Just a heartbeat or two after Rembrandt painted this snapshot, Jesus spoke again.  ‘Mary!’” No command, no comment, no “Hey, it’s me, Jesus.” He called her by name. It was enough. She recognized Jesus. She knew who it was who called her by name. But more than that, through his call and her faith in the one who called, she experienced the RISEN Christ. Faith + Call = Experience

 

The same experience is offered to you. When you peer into the darkened tomb, looking for one who is not there, you fail to see and hear the person who is calling you by name. That person may be dressed as a gardener, a plumber, a professor, or a young child struggling with disease. The one who calls may be named Jesus, or Mary, or Dale, or Corrine. And the name they speak may be any of your names on that bulletin wrap two weeks ago or written on the poster board in the narthex.

 

For the risen Christ is in all the baptized. He calls you by name to rejoice in his presence within you.
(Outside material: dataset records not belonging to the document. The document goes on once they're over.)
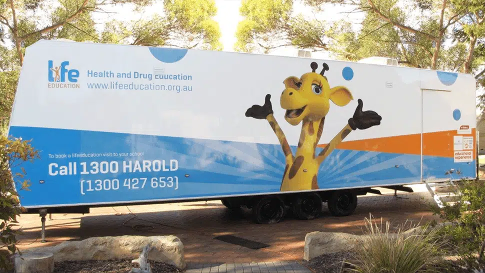 Teachers select from a range of age-appropriate health, drug and cybersafety modules to best meet the needs of their students. Students visit the Mobile Learning Centre, meet “Healthy Harold” the giraffe, and engage in an interactive learning session featuring props, role play and audiovisual material. This session is used as a platform to introduce and explore various health topics, which are then consolidated and extended further back in the classroom using comprehensive student and teacher resources. Modules are grouped into Pre-School, Junior Primary, Middle Primary and Upper Primary, and cover a variety of topics: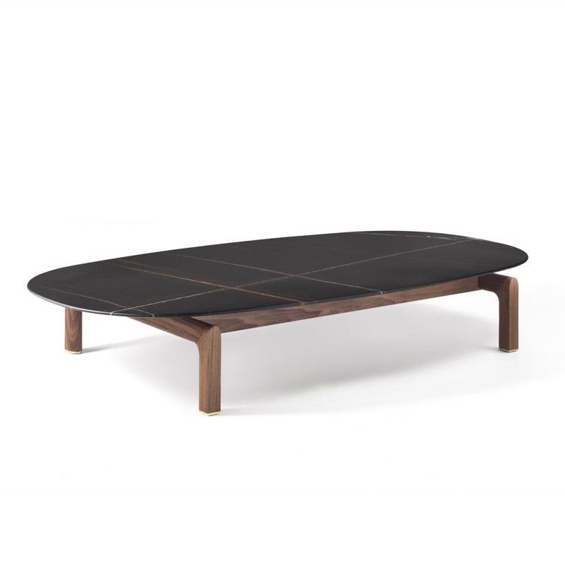Quay est la table basse rectangulaire ou ovale de Porada avec une base en noyer canaletta massif et un plateau en marbre disponible en différentes finitions. Embouts disponibles en laiton brossé ou en chrome noir. Quay est une touche d'élégance contemporaine pour les pièces à vivre ou les espaces lounge.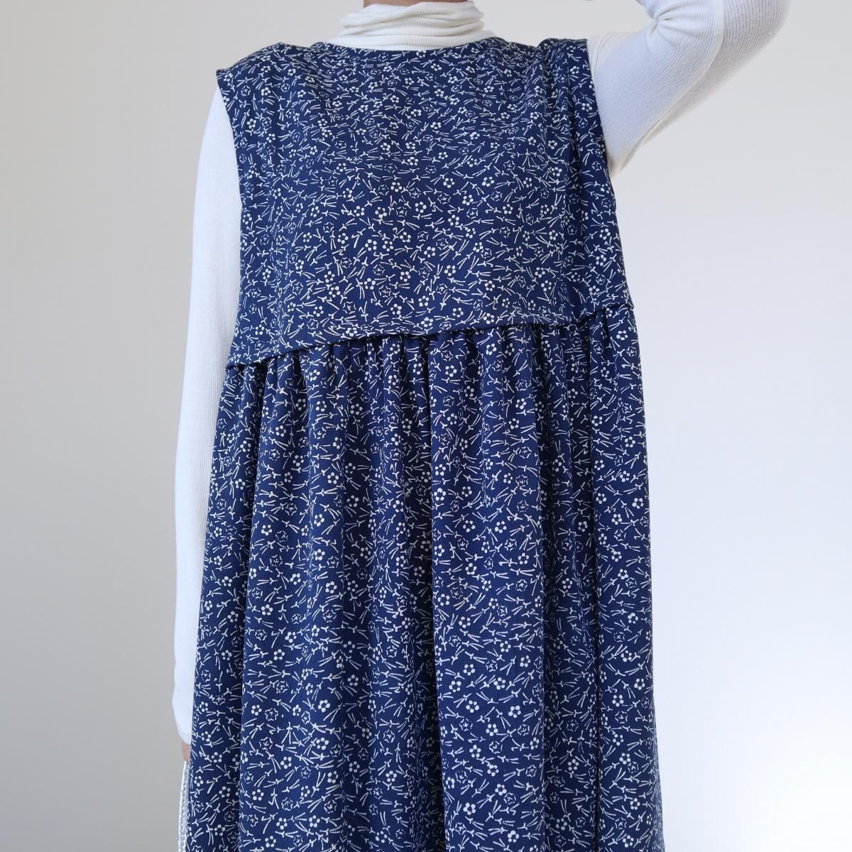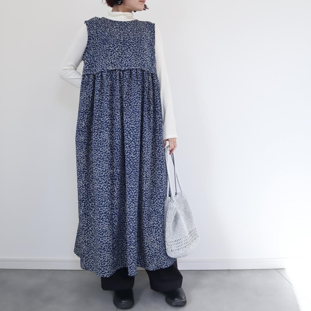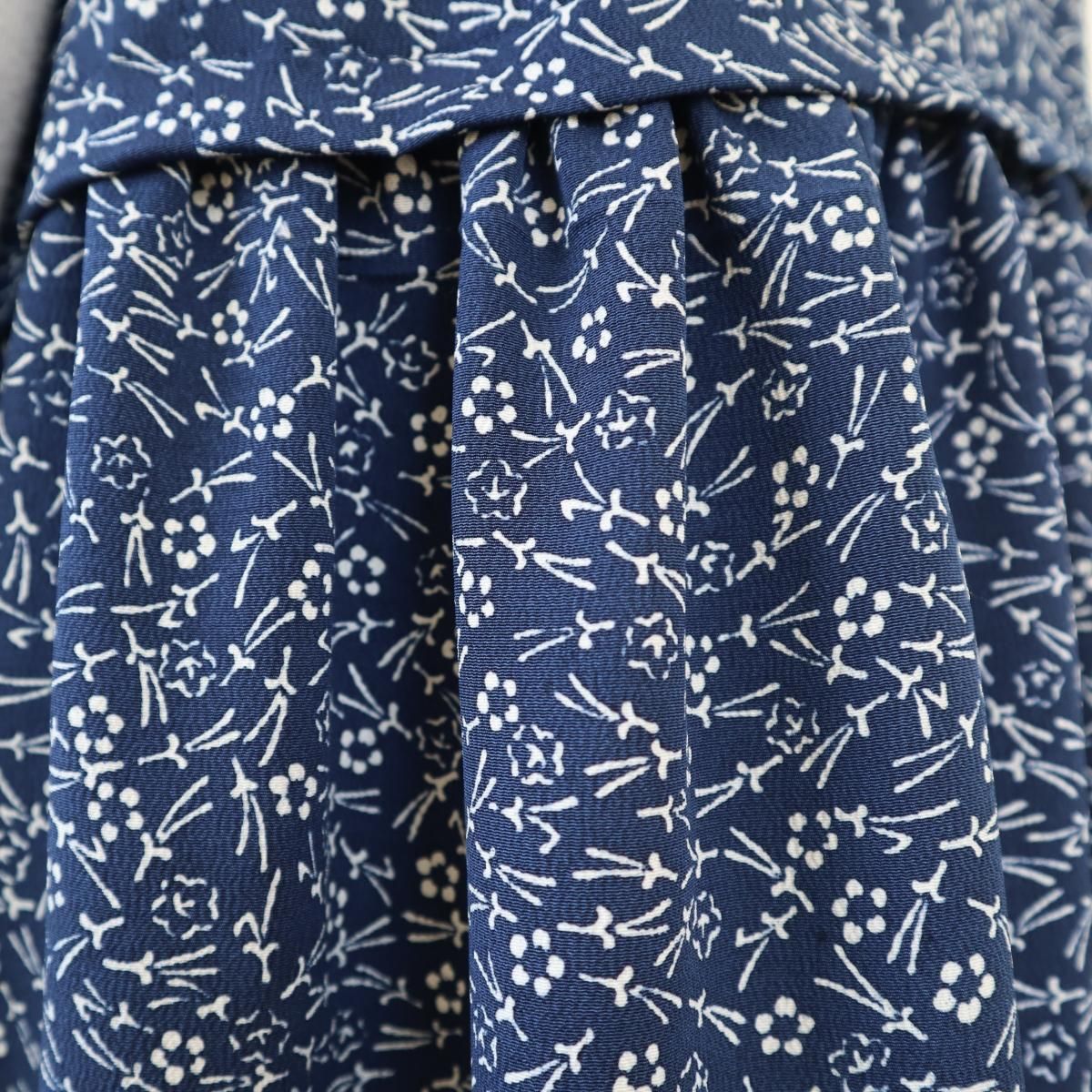 アンティークの小紋の着物から作ったワンピースです。薄手で柔らかですがしっかりとした縮緬素材。ハイウエストで生地を切り替えギャザーをたっぷり寄せましたが、裾の広がりは抑えたシルエットに仕上げています。裏地はありません。
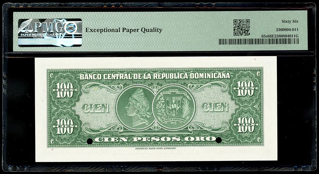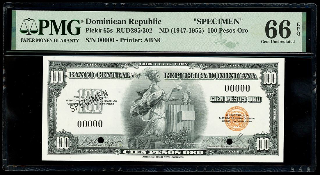 DOMINICAN REPUBLIC, Santo Domingo, Banco Central de la República Dominicana, specimen 100 pesos oro, (1947-50), PMG Gem UNC 66 EPQ, "top pop." Rudman-295/302; Pick-65s. Two POCS. Popular Dominican note with a woman holding a cup of coffee as the central vignette, tied with four others for finest known in the PMG census.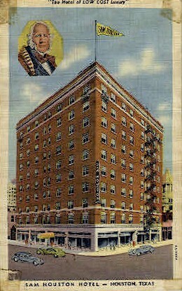 Sam Houston Hotel - Texas TX Postcard Postal Date: Unused Grade: 4 - paper glued on back side tape on edges Size: Regular Size Postcard - approximately 3 1/2 inch x 5 1/2 inch (9 CM x 14 CM) Grading Scale: Gr ... Read More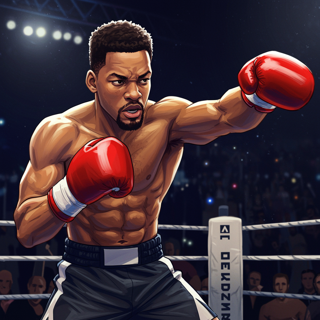 A hyper-detailed anime-style painting depicting a man in the center of a boxing ring, showcasing a powerful stance with a striking chin, throwing a dynamic punch. The artwork channels the artistic flair of Jazza and RossDraws, popular on Artstation, with influences from Kawacy and Sachin Teng. This illustration echoes the bold aesthetics of card game art, blending action and intensity while capturing an animated likeness of Will Smith. Ideal for a striking profile picture, the piece exudes energy and artistry.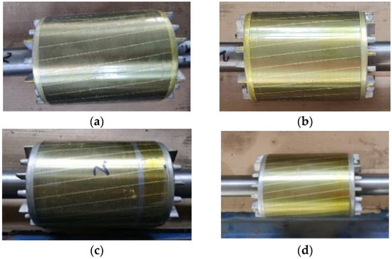 Physical diagram of a rotor with various skew parameters: (a) skewed 10°; (b) skewed 12.8°; (c) skewed 14°; (d) skewed 20°.

He calls you by name, as he did Mary, to turn, to see, to hear and believe that Christ is risen in the heart of your neighbor. In all this you make yourself available to experience the risen Christ here, now, today in this earthly life, that like Rembrandt painting, holds darkness and dawn, tomb and garden, angels and fallen people. But also something completely new: The Risen Christ. Oh, he may look like a gardener, but he has destroyed death just the same.

 

May the dawn of this new day and the new life it brings fill you with the presence and the experience of the Risen Christ as he calls you by name.

Alleluia! He is Risen! He is risen indeed. Amen.